In [None]:
import json
import sys
from sklearn.base import BaseEstimator, ClusterMixin
import jieba
import numpy as np
import pandas as pd
import scipy as sp
from sklearn.cluster import DBSCAN, AgglomerativeClustering, HDBSCAN
from sklearn.feature_extraction.text import TfidfVectorizer
from sklearn.metrics import silhouette_score, adjusted_rand_score
import spacy
from sklearn.metrics.cluster import contingency_matrix

from docx import Document

import config
from sentence_transformers import util, SentenceTransformer
from sklearn.metrics import adjusted_mutual_info_score, v_measure_score

import openpyxl

stopwords_path = './stopwords-master/hit_stopwords.txt'

def cos_(ver,data_1):
    data_1 = data_1.tolist()
    cos_sims = []
    ver = ver.toarray()
    for j in range(len(ver)):
        rows = []
        for i in range(len(ver)):
            sim = util.cos_sim(ver[j],ver[i])
            rows.append(sim.tolist()[0][0])
        cos_sims.append(rows)


    workbook = openpyxl.Workbook()
    worksheet = workbook.active

    worksheet.append(['']+data_1)
    for data,val in zip(data_1,cos_sims):
        worksheet.append([data]+val)

    workbook.save(config.next_feature_ext.ext+".xlsx")
    workbook.close()

    return sp.sparse.csr_matrix(cos_sims)

def npeMethod(text):
    nlp = spacy.load('en_core_web_sm')
    doc = nlp(text)
    for ent in doc.ents:
        print(ent.text, ent.start_char, ent.end_char, ent.label_)
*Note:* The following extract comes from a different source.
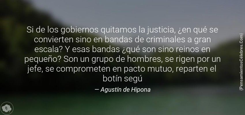 "Si de los gobiernos quitamos la justicia, ¿en qué se convierten sino en bandas de criminales a gran escala? Y esas bandas ¿qué son sino reinos en pequeño? Son un grupo de hombres, se rigen por un jefe, se comprometen en pacto mutuo, reparten el botín segú"
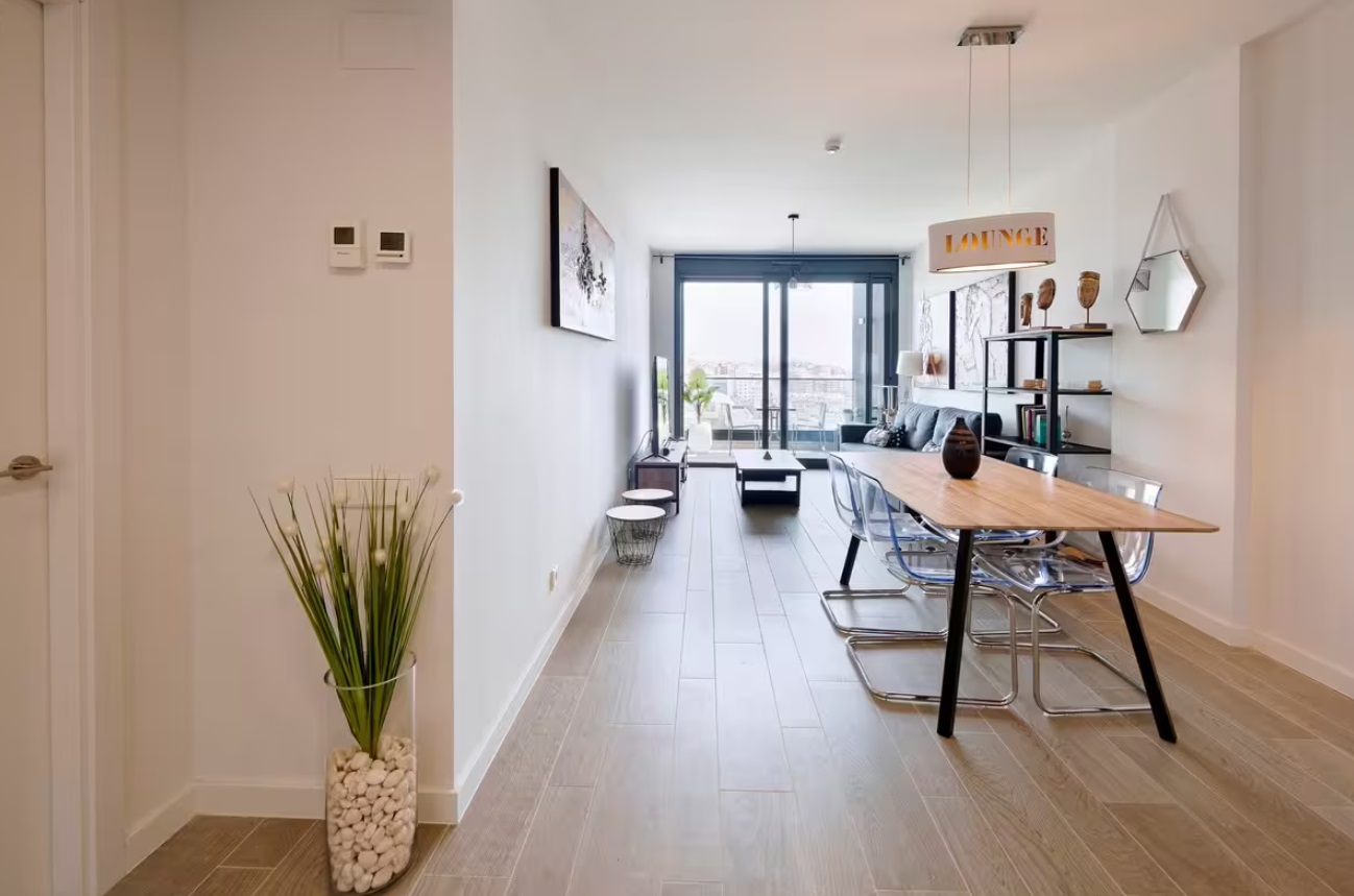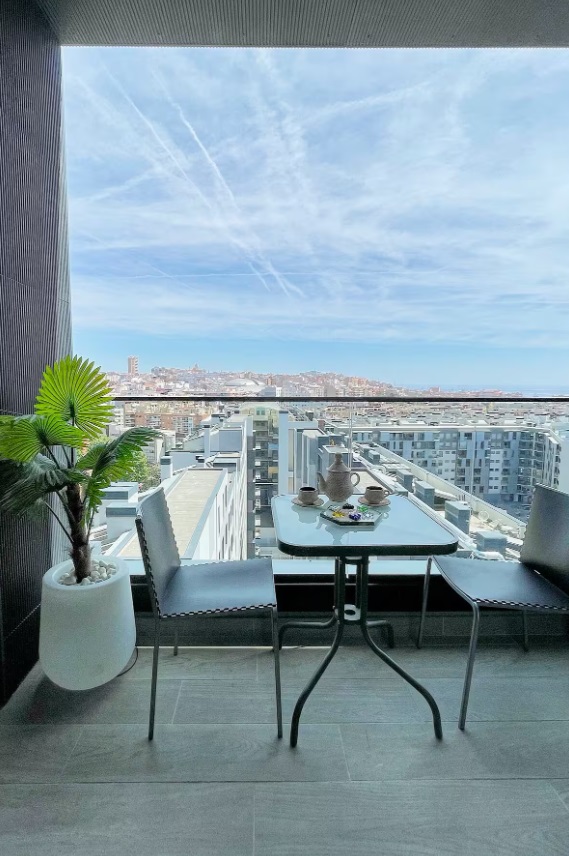 En un edificio de 19 plantas en Tarragona. Goza de piscinas comunitarias, parking privado y una impresionante vista desde tu terraza. Cocina y salón totalmente equipados, con wi-fi de alta velocidad, aire acondicionado y suelo radiante. Lavadora, lavavajillas y electrodomésticos modernos a tu disposición. Descansa en una cama de matrimonio o en las 2 camas individuales. Espacios diseñados para tu confort.

def data_post(data, cluster, file_name):
    data['labels_'] = cluster.labels_


    json_data = {}
    for i in range(max(cluster.labels_) + 1):
        json_data[f"Cluster {i + 1}"] = list(data[data['labels_'] == i]['discription'])
    json_data[f"Noise:"] = list(data[data['labels_'] == -1]['discription'])

    # file_name = '' + next_feature_ext + '_' + next_cluster_me + '.json'
    with open('./result/' + file_name+".json", 'w', encoding='utf-8') as f:
        f.write(json.dumps(json_data, ensure_ascii=False, indent=2))
    # json.dump(json_data,f)

def purity_score(y_true, y_pred):

    cont_matrix = contingency_matrix(y_true, y_pred)


    return np.sum(np.amax(cont_matrix, axis=0)) / np.sum(cont_matrix)

In [None]:

def read_data():
    data_path = "JayMe标注.xlsx"
    data = pd.read_excel(data_path, sheet_name="Sheet1")  # , sep=',')
    data_ = data["缺陷描述"]
    y_true = data['标签']


    def new_cut(data):
        data = data.apply(lambda x: ' '.join(jieba.lcut(x)))
        with open(stopwords_path, 'r', encoding='utf-8') as f:
            stop_words = [line.strip() for line in f.readlines()]
        stop_words.append('\n')
        stop_words.append(' ')
        stop_words.append('_x000D_')
        sentences = []
        for i in range(len(data)):
            word = list(jieba.cut(data[i]))
            word = [word1 for word1 in word if not word1 in stop_words]
            # data[i] = ' '.join(word)
            sentences.append(word)
        return sentences

    data_1 = new_cut(data_)
    return data_1,y_true

data_1,y_true = read_data()
# print(data_1)

In [None]:

model = SentenceTransformer(
    'LaBSE',
    cache_folder=r"./model"
)

In [None]:
# sentence_bert
def bert_exr(data):
    sentences = []
    for i in range(len(data)):
        sentences.append(' '.join(data[i]))

    features = model.encode(sentences)
    features = sp.sparse.csr_matrix(features)
    return features

ver_sb = bert_exr(data_1)

In [None]:
# HC
def hc_cluster(data, n):
    hc = AgglomerativeClustering(
        n_clusters=n,
        affinity="deprecated",  # TODO(1.4): Remove
        metric=config.hc.metric,  # TODO(1.4): Set to "euclidean"
        memory=config.hc.memory,
        connectivity=config.hc.connectivity,
        compute_full_tree=config.hc.compute_full_tree,
        linkage=config.hc.linkage,
        distance_threshold=1.4,
        compute_distances=config.hc.compute_distances,
    ).fit(data.toarray())
    # hc = AgglomerativeClustering(n_clusters=n, linkage='average').fit(data.toarray())
    return hc

n = None
hc_cluster_sb = hc_cluster(ver_sb,n)
def output(y_true,hc_cluster_sb):
    purity_hc_cluster_sb = purity_score(y_true, hc_cluster_sb.labels_)
    print("Purity HC Clusters (sb):", purity_hc_cluster_sb)
    ami_hc_cluster_sb = adjusted_mutual_info_score(y_true, hc_cluster_sb.labels_)
    print("Adjusted Mutual Info Score HC Clusters (sb):", ami_hc_cluster_sb)
    v_measure_hc_cluster_sb = v_measure_score(y_true, hc_cluster_sb.labels_)
    print("V-measure Score HC Clusters (sb):", v_measure_hc_cluster_sb)

output(y_true,hc_cluster_sb)